Answering Interesting Questions with Data

Barbara Ericson

There is a huge amount of raw data available on the internet with endless potential.

Read more

There is a huge amount of raw data available on the internet with endless potential.

This four-week course from the University of Michigan will help you learn how to read data in different formats and write programs to scrape data from the internet.

Once you complete this course, you’ll be empowered with the ability to use data to answer high-level and interesting questions.

An essential component of data collection and analysis is the ability to store and manage the data effectively once you’ve retrieved it.

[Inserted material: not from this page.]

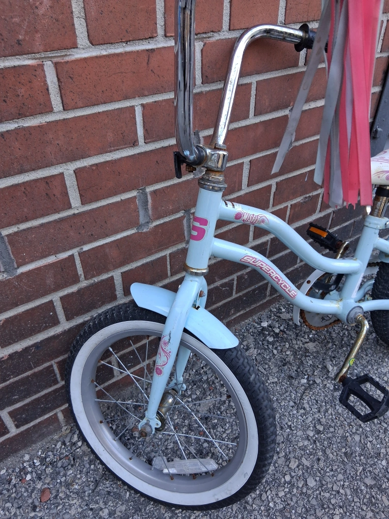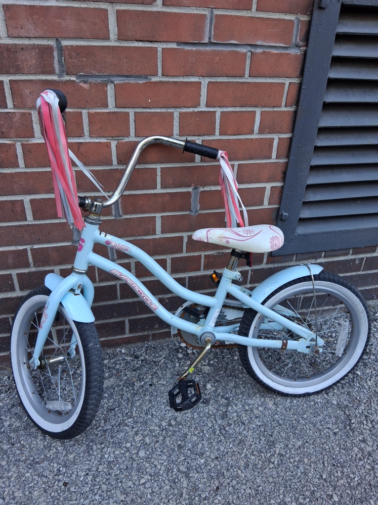 Selling a Supercycle 'Sweetie' girls' bike. It's a cute light blue colour with a 16 x 1.95 tire size. Perfect for a young cyclist! But the back tire is flat, you need to fix it by yourself. Sell as it. Pick up only, No delivery.

You’ll learn how to use SQL to manage data in relational databases in order to create linked datasets and gain insight into the relationships and meaning that can be derived from your data.

Data is a powerful tool, but its potential can only be unleashed once it is converted and represented as logical information. This process is referred to as data visualization, and it is key to understanding and analyzing data.

You’ll be taught to use charts, scatter plots, graphs, and other mediums in order to transform your data into valuable information that can be used to answer interesting questions.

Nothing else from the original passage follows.